= Beginning of Section =
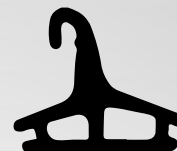
VD6017 VEDANTE CENTRAL QTD. ROLO: 80
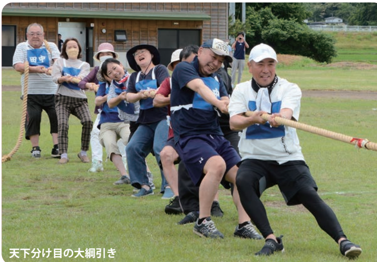
天下分け目の大綱引き
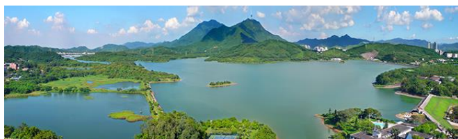
The Dongshen Water Supply Project (Quelle Guangdong Investment Ltd.)

Wir haben die Aktiengesellschaft, welche 1973 in Hong Kong gegründet und gelistet wurde, seit 2009 im Portfolio und ab 2013 stetig aufgestockt. Dies führte zu einem Einstandspreis von durchschnittlich HKD 8.23. Die Aktie mit einer DR von +3.6% ist im Hang Seng China-Affiliated Corp. Index und im Hang Seng Composite Industry Index - Utilities enthalten und investiert auch in andere Infrastrukturprojekte wie Strassen / Brücken, Energie und Immobilien.
= End of Section =
» **HOW TO COMPLETE THIS TASK**
Reproduce the whole listing verbatim and keep all pictures out of it.

» **ANSWER SPACE**
VD6017 VEDANTE CENTRAL QTD. ROLO: 80
天下分け目の大綱引き
The Dongshen Water Supply Project (Quelle Guangdong Investment Ltd.)

Wir haben die Aktiengesellschaft, welche 1973 in Hong Kong gegründet und gelistet wurde, seit 2009 im Portfolio und ab 2013 stetig aufgestockt. Dies führte zu einem Einstandspreis von durchschnittlich HKD 8.23. Die Aktie mit einer DR von +3.6% ist im Hang Seng China-Affiliated Corp. Index und im Hang Seng Composite Industry Index - Utilities enthalten und investiert auch in andere Infrastrukturprojekte wie Strassen / Brücken, Energie und Immobilien.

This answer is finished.